Discussion in 'General Discussion' started by anup123, Feb 10, 2005.

  1. anup123

    anup123 Well-Known Member

    Joined:
    Mar 29, 2004
    Messages:
    897
    Likes Received:
    1
    Trophy Points:
    18
    Location:
    This Planet
    BFD-0.6 has rules for exim and pure-ftpd
    Does this mean that Dictionary Attack ACL can be removed from Exim?

    Anup
     
  2. picoyak

    picoyak Well-Known Member

    Joined:
    Jun 10, 2004
    Messages:
    72
    Likes Received:
    0
    Trophy Points:
    6
    well it looks like BFD does only a basic check for dictionary attacks. and it gives them 20 chances by default. far too many IMO. but I understand why it is set so high, and in the end it's probably a good thing for those using Chirpy's dictionary ACL

    while it may work, I feel that Chirpy's dictionary ACL offers a much more useful set of functions - mainly clearing down the blocked ip list on a scheduled basis, whereas BFD will simply add that IP to deny_hosts.
     
  3. chirpy

    chirpy Well-Known Member

    Joined:
    Jun 15, 2002
    Messages:
    13,475
    Likes Received:
    20
    Trophy Points:
    38
    Location:
    Go on, have a guess
    Personally, I don't like the method used with BFD for the following reasons:

    1. If you get a lot of spam through dictionary attacks, then your iptables will become huge (since zombie PC's are usually used, so it's not uncommon to 10's of thousands of separate IP addresses coming in). This could cause serious overhead for all of your network traffic.

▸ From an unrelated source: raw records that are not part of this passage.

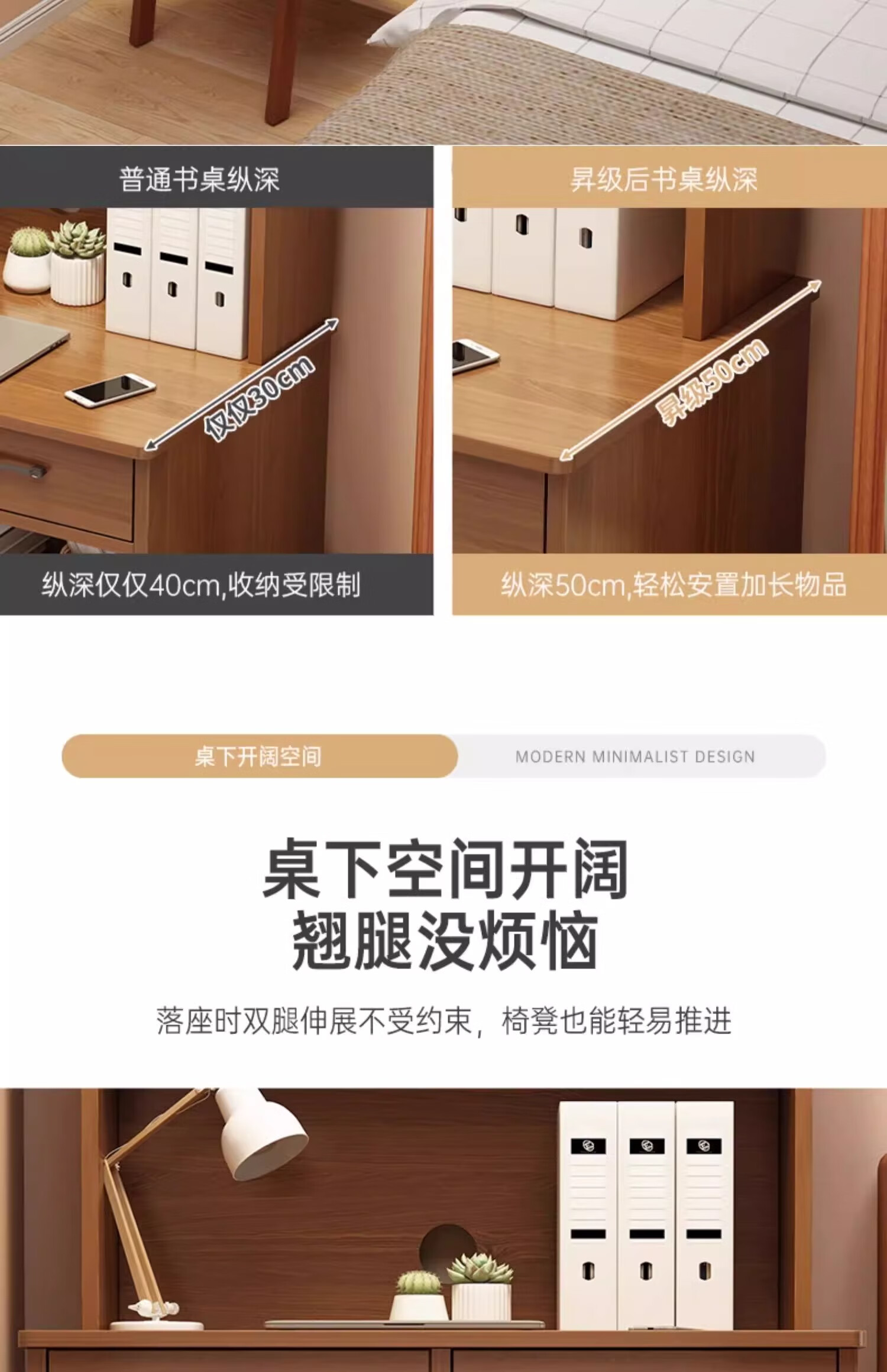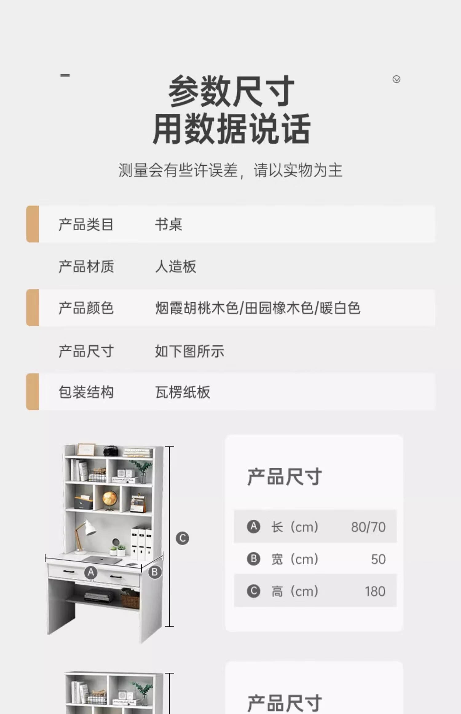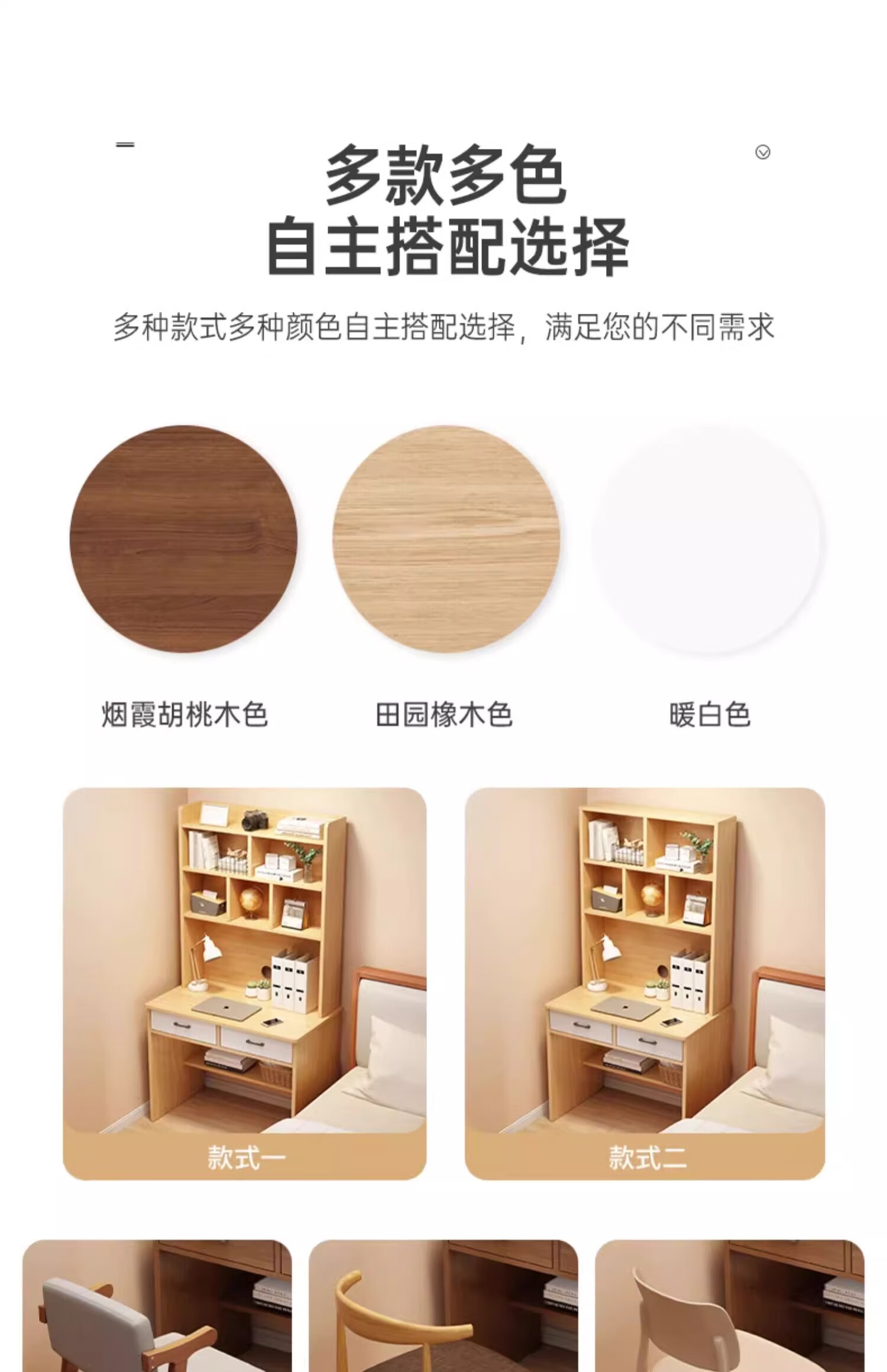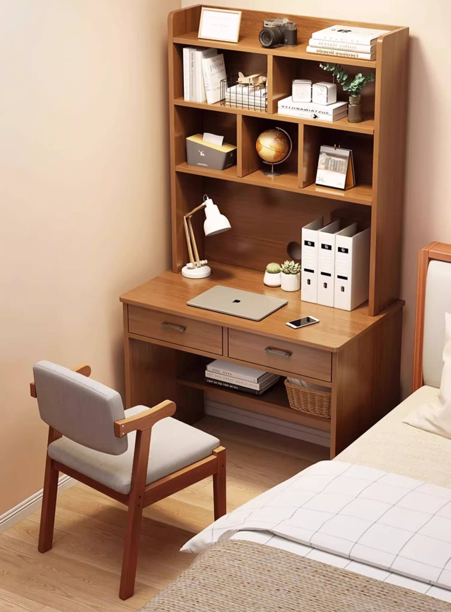 First Forest computer desk desk bookshelf integrated table home study table writing desk bedroom student writing desk small apartment table three-layer single table hazy walnut color 80cm self-assemble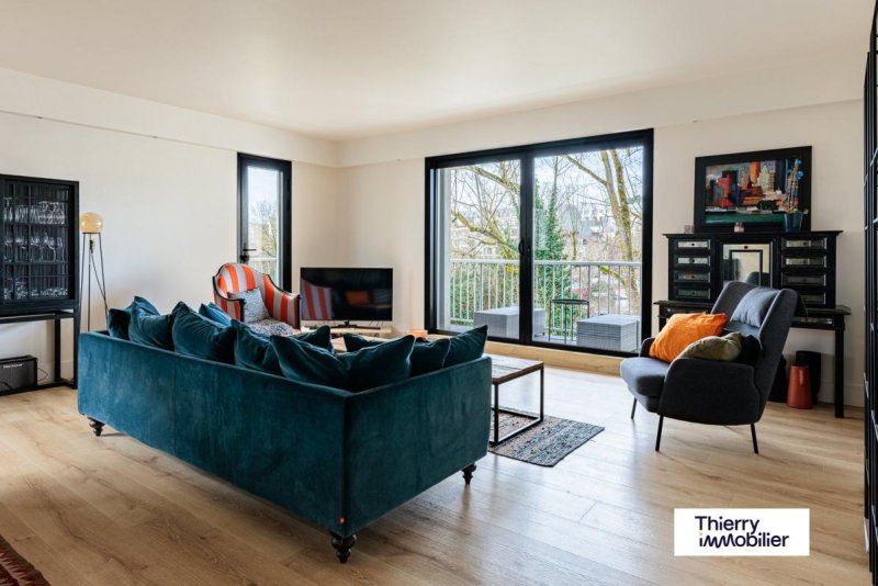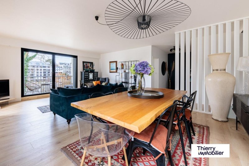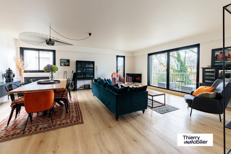 Situé dans un cadre privilégié, cet appartement T5 d'exception de 115m² a bénéficié d'une rénovation complète avec des prestations haut de gamme. En étage d'une résidence avec ascenseur, ce bien se distingue par sa vue panoramique imprenable sur l'Erdre. La pièce de vie, un vaste double séjour de près de 40 m² exposé Sud et Ouest, s'ouvre sur une terrasse de 14 m² surplombant la rivière. Une cuisine indépendante aménagée et équipée, complétée par une buanderie et un balcon, parfait l'espace de réception.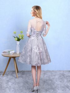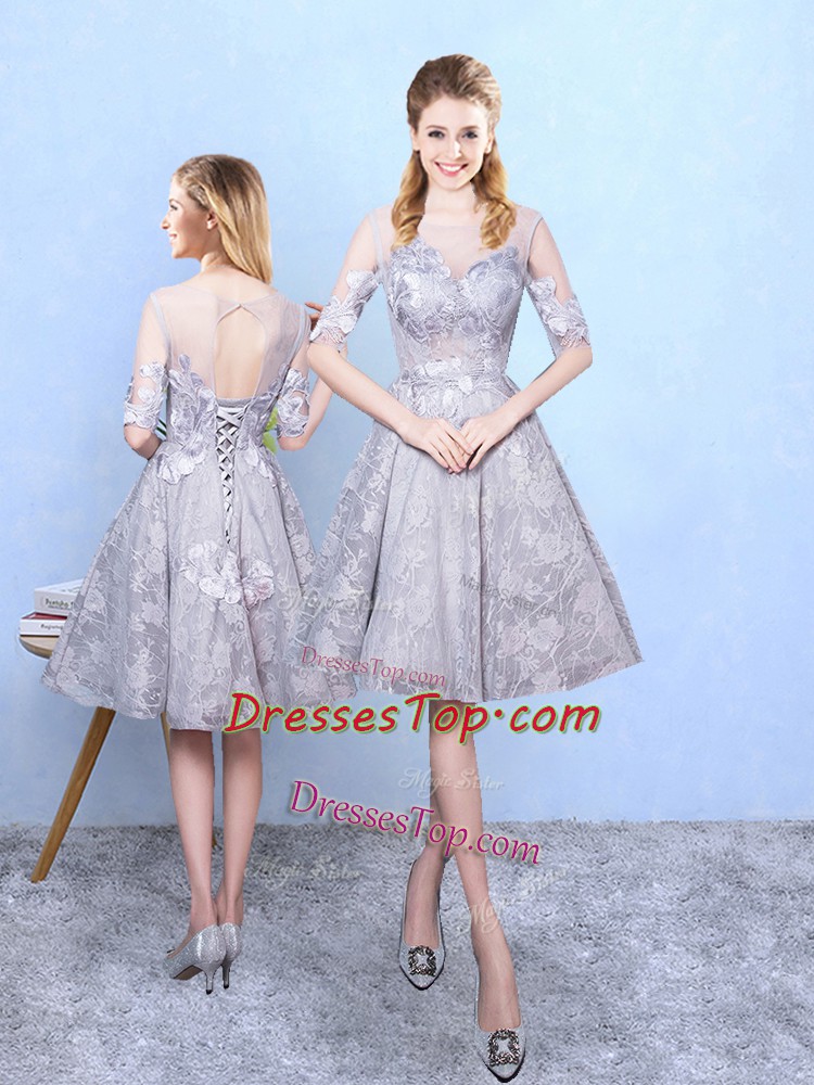 Printed Scoop Half Sleeves Lace Up Appliques Damas Dress in Grey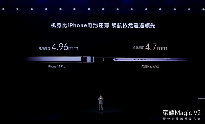 這個數據,不僅全面領先於華為Mate X3(羽砂版)的241克,更是比直板旗艦iPhone14 Pro MAX(240克)還要輕;並且如果你兩隻手各拿著榮耀Magic V2和iPhone14 Pro進行橫截面對比,就會發現,榮耀Magic V2的機身比iPhone的電池還要薄,真正意義上實現了折疊屏手機的“毫米級”進化。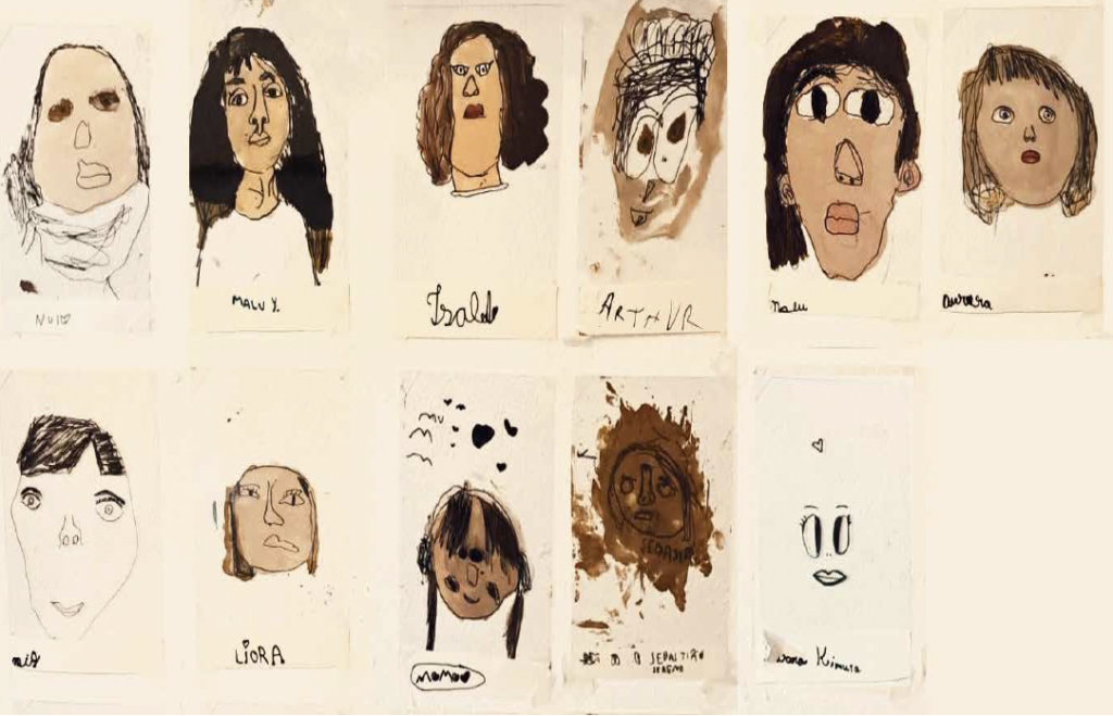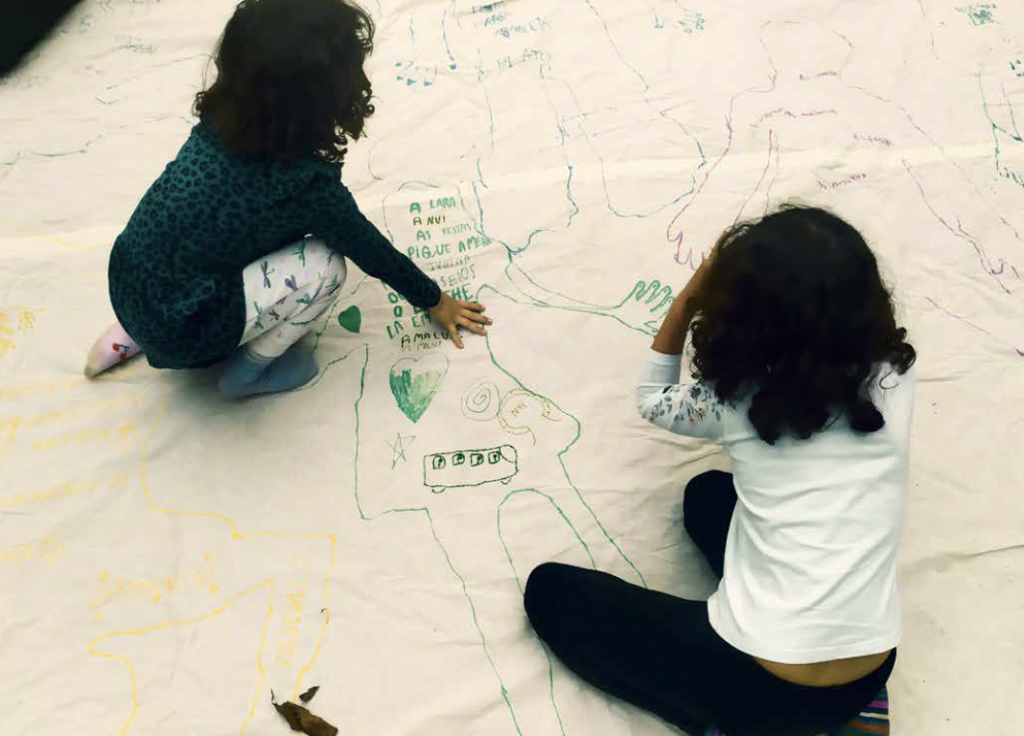 As crianças misturaram tintas em busca das próprias cores de pele, se desenharam em espelhos, fizeram autorretratos. Refletiram sobre colorismo com a educadora Alessandra Guimarães. Depois, num grande tecido de algodão cru estendido no chão, fizeram o contorno dos próprios corpos em escala real e dentro desses contornos, escreveram e desenharam tudo o que amavam no Colo. Fogueira. Festas. Florestinha. As pessoas. O lanche lá embaixo. A passagem secreta.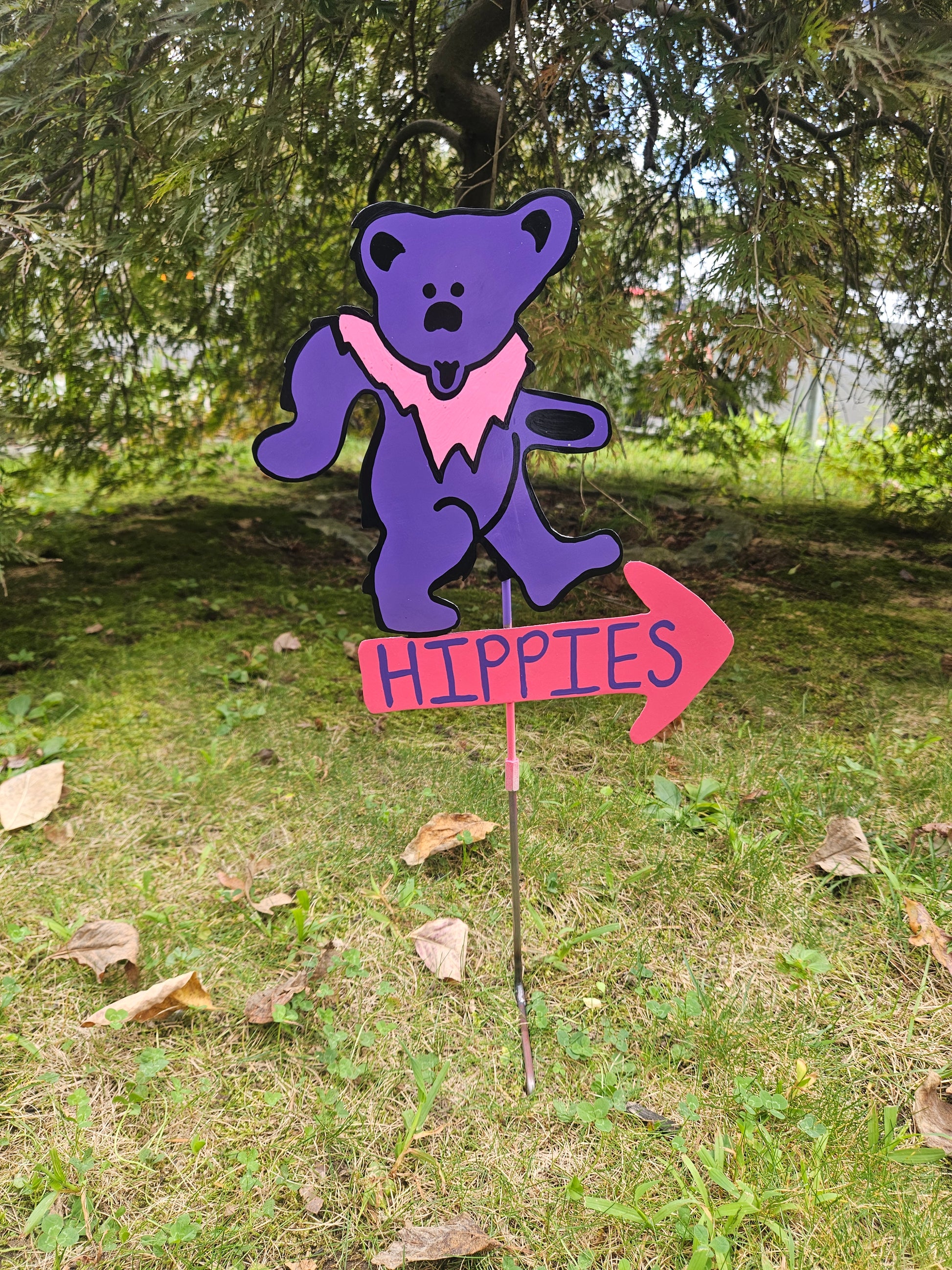 Grateful Dancing Bear but with a twist! This bear is dancing on an arrow with your choice of it saying "HIPPIES" or "DEAD HEADS" to give your yard a groovy touch!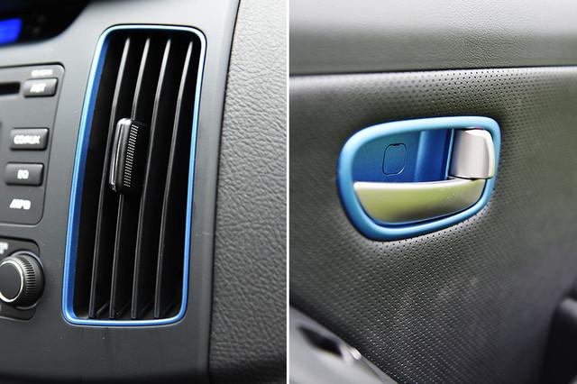内饰方面,伊兰特EV同样沿用了老款悦动的整体造型,只是在部分细节上进行了调整,新车在空调出风口、挡把周围、门把手等多处细节上采用了蓝色装饰,同时搭载了液晶仪表盘,更加富有现代感。配置方面,新车搭载电动天窗、收音机、CD、自动空调、多功能方向盘、AUX/USB接口,倒车雷达等。
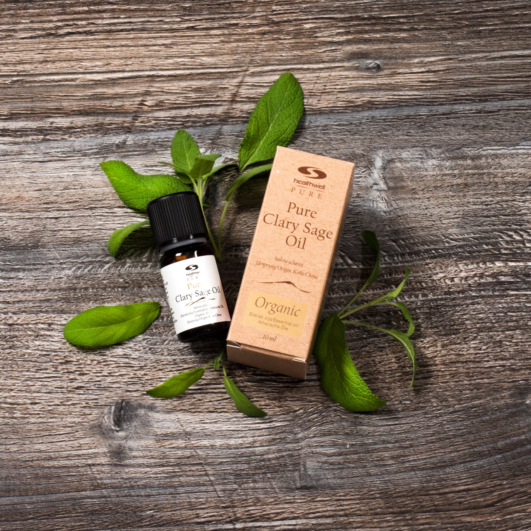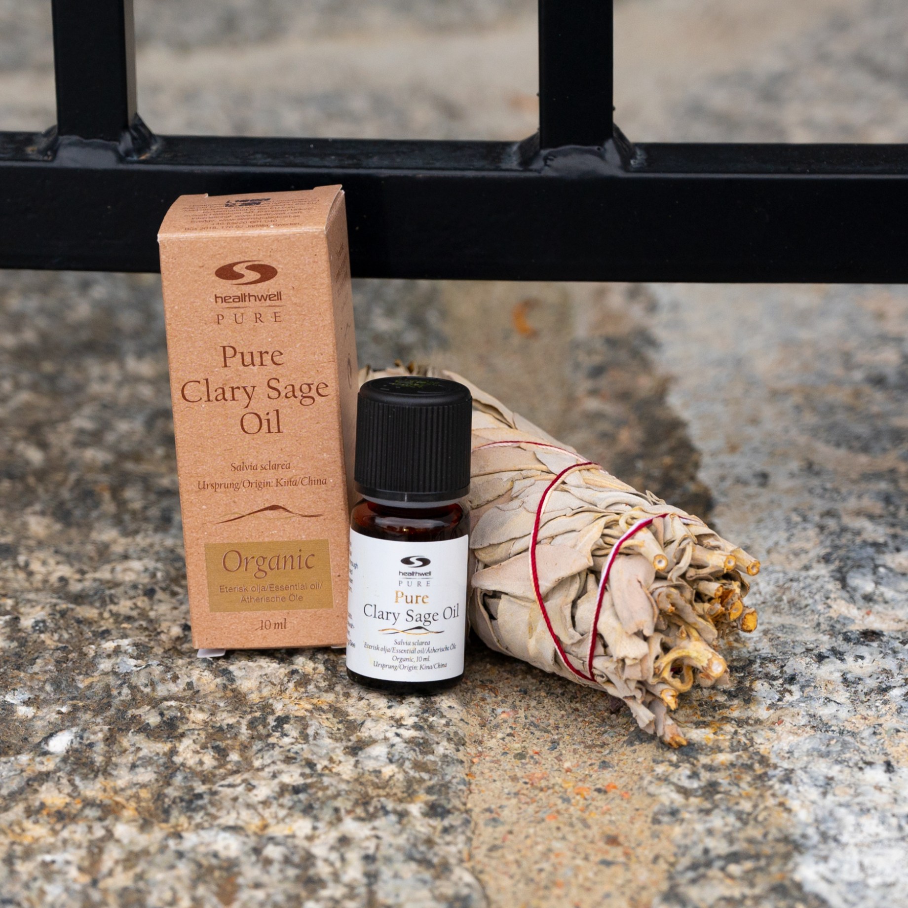 Healthwell PURE Salviaolja EKO flaska och kartong placerad bredvid en rökelsebunte av salvia. PURE Salviaolja EKO har en frisk och örtig doft.

    2. It doesn't provide a regular method of purging, so innocent mistakes will be permanently blocked.

    3. It not only blocks port 25 access, but access to the whole server (pretty pointless if it's a spammer).

    4. You have no way to distinguish IP addresses blocked for RCPT failures and those added to your iptables forewall for any other misdemeanor, which makes 1. very diffuclt to script.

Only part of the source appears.